What you have to do:
Only the lines from the one with "knight different rewards!" through the final line below belong in the answer, copied exactly and without pictures.

Records from a dataset:
>>>
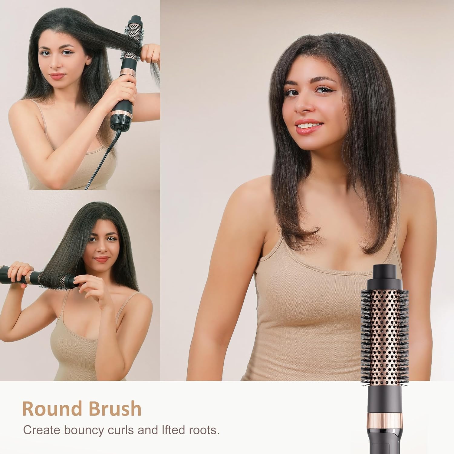 5 Styling Attachments: Featuring 5 interchangeable attachments includes hair dryer, straightening brush, curling Iron, volume brush and round brush that connects to the air styling wand, allowing you to effortlessly create various styles for all hair types.
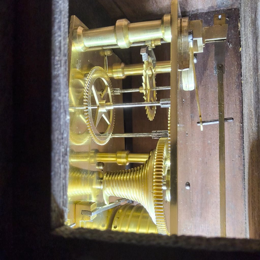 The mahagany case has been cleaned, oiled, and a coat of beeswax polish applied, has a lower access door and access door to the side.
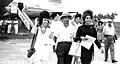 Llegada de las actrices Sandra Scott e Ivonne Yamile a San Andrés, para el rodaje de la película Isla de Ensueño. El Productor Ejecutivo Enrique Gutiérrez y Simón las recibe en el aeropuerto.
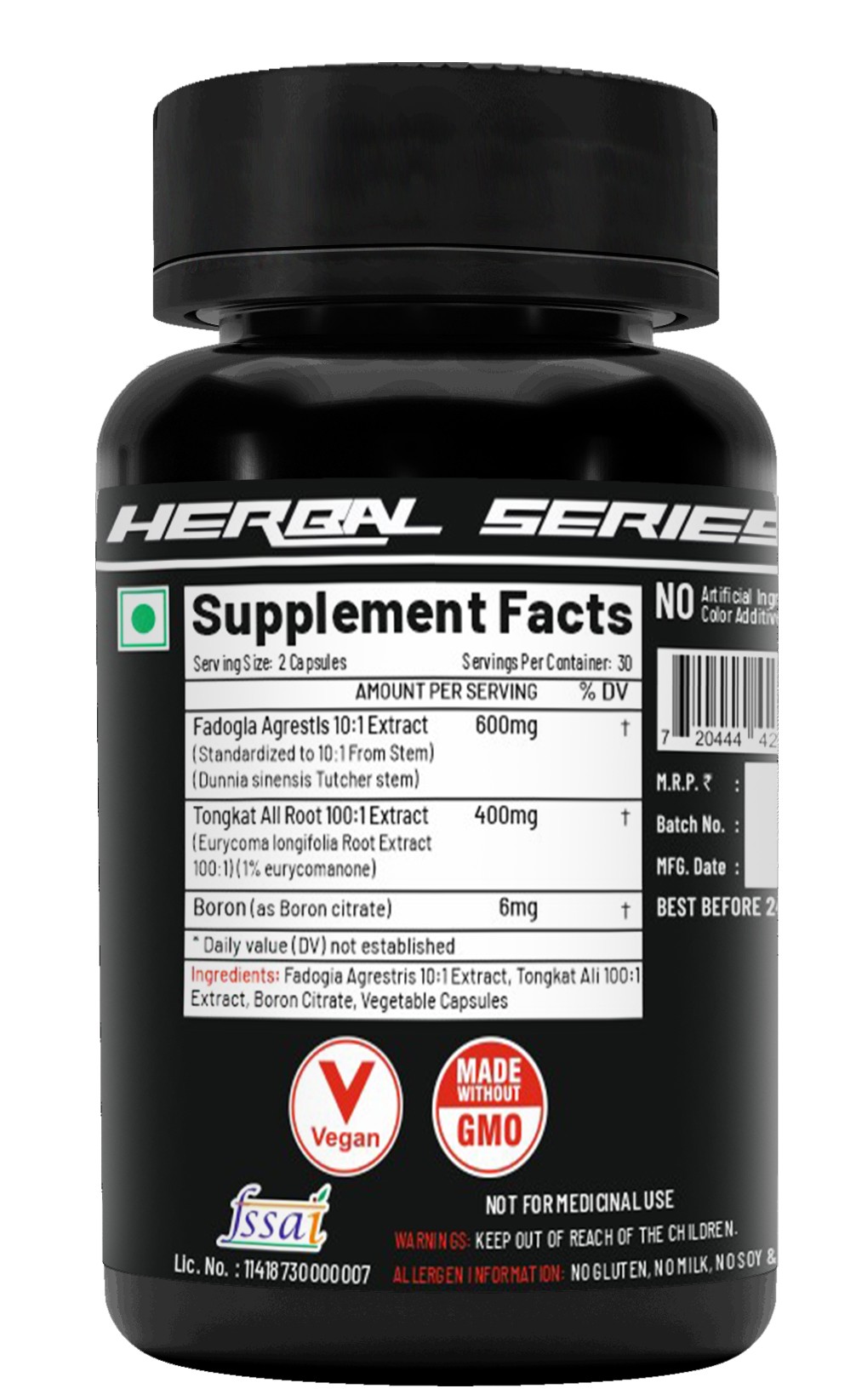 | Ingredients | 100% Pure Fadogia Agrestis Extract (Standardized to 10:1) with Tongkat Ali Standardized to 100:1 Root Extract 1% Eurycomanone & Boron |
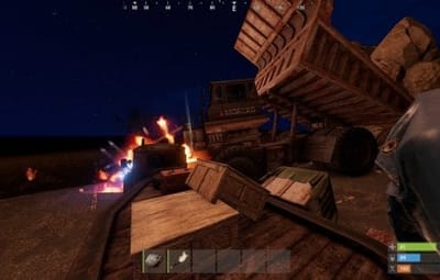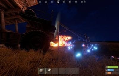 A little decor scene with two trucks crashed on open street. Some flame and tesla effect for the ambience.
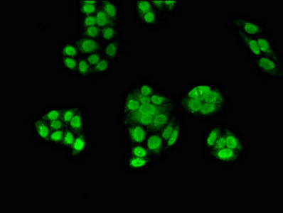 Immunofluorescent analysis of PC-3 cells using CSB-PA610840LA01HU at dilution of 1:100 and Alexa Fluor 488-congugated AffiniPure Goat Anti-Rabbit IgG(H+L)
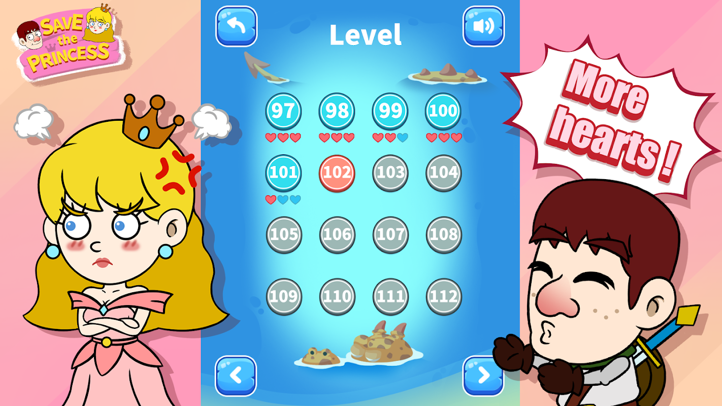 ▪ Each level has three hearts to collect, try to collect them, the princess will give the knight different rewards!
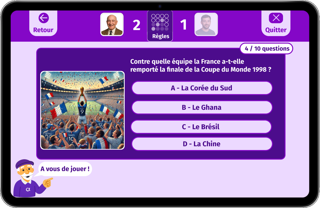 Gena-App est disponible sur ordinateur, tablette et mobile, vous permettant de jouer où que vous soyez. Pour de l'animation, utilisez simplement un ordinateur et branchez-le à un vidéo-projecteur. Vous ravirez votre public !
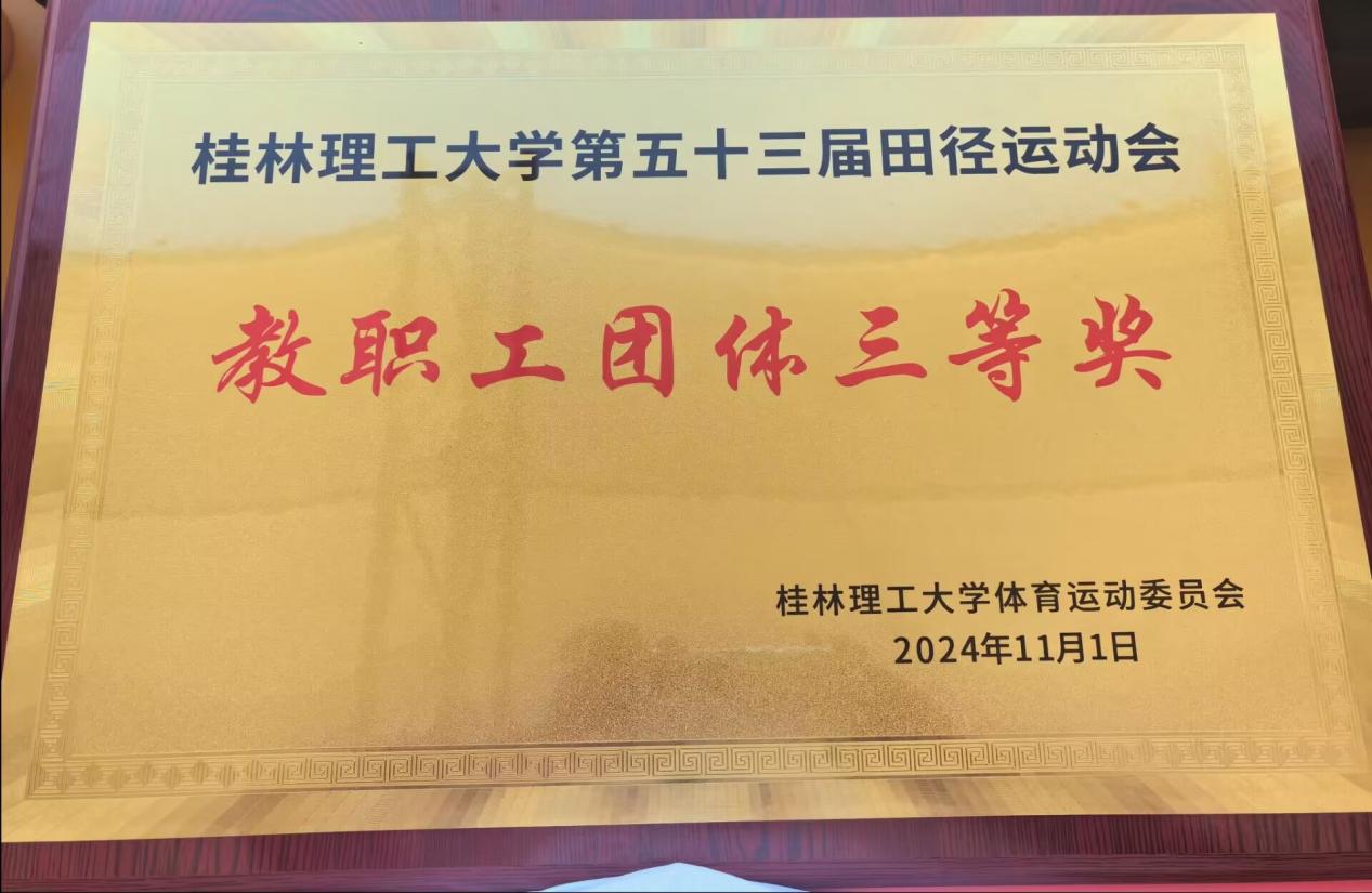 秋风送爽,阳光明媚,金桂飘香。10月31日,学校第53届田径运动会在雁山校区开幕。本着“友谊第一,比赛第二”的精神,2138CC太阳集团分工会广大教职工踊跃参加各类竞技项目,运动员们热情似火,激情飞扬。 比赛现场,参赛教职工全力以赴、各显身手、团结拼搏、奋勇争先,场上欢声笑语不断,掌声喝彩声此起彼伏,整个赛场洋溢着欢乐、和谐、昂扬、奋进的氛围,最终,2138CC太阳集团分工会荣获教职工团体三等奖。 三尺讲台挥洒汗水,运动赛场释放激情。此次运动会不仅是一场体育竞技,更是一次心灵的交流与碰撞,充分展现2138CC太阳集团分工会积极向上、团结协作的精神面貌。大家纷纷表示,将以更加饱满的热情和昂扬的斗志投入到今后的教学科研管理服务工作中,为学院各项事业发展作出更大的贡献。 方块队合影 学院教工参加快乐运动会剪影 学院教工参加快乐运动会剪影 学院教工参加快乐运动会剪影 学院教工参加竞技比赛项目 学院教工参加接力项目 团体三等奖 (一审:马文硕 二审:李子院 三审:李少华)
<<<
Result:
 ▪ Each level has three hearts to collect, try to collect them, the princess will give the knight different rewards!
 Gena-App est disponible sur ordinateur, tablette et mobile, vous permettant de jouer où que vous soyez. Pour de l'animation, utilisez simplement un ordinateur et branchez-le à un vidéo-projecteur. Vous ravirez votre public !
 秋风送爽,阳光明媚,金桂飘香。10月31日,学校第53届田径运动会在雁山校区开幕。本着“友谊第一,比赛第二”的精神,2138CC太阳集团分工会广大教职工踊跃参加各类竞技项目,运动员们热情似火,激情飞扬。 比赛现场,参赛教职工全力以赴、各显身手、团结拼搏、奋勇争先,场上欢声笑语不断,掌声喝彩声此起彼伏,整个赛场洋溢着欢乐、和谐、昂扬、奋进的氛围,最终,2138CC太阳集团分工会荣获教职工团体三等奖。 三尺讲台挥洒汗水,运动赛场释放激情。此次运动会不仅是一场体育竞技,更是一次心灵的交流与碰撞,充分展现2138CC太阳集团分工会积极向上、团结协作的精神面貌。大家纷纷表示,将以更加饱满的热情和昂扬的斗志投入到今后的教学科研管理服务工作中,为学院各项事业发展作出更大的贡献。 方块队合影 学院教工参加快乐运动会剪影 学院教工参加快乐运动会剪影 学院教工参加快乐运动会剪影 学院教工参加竞技比赛项目 学院教工参加接力项目 团体三等奖 (一审:马文硕 二审:李子院 三审:李少华)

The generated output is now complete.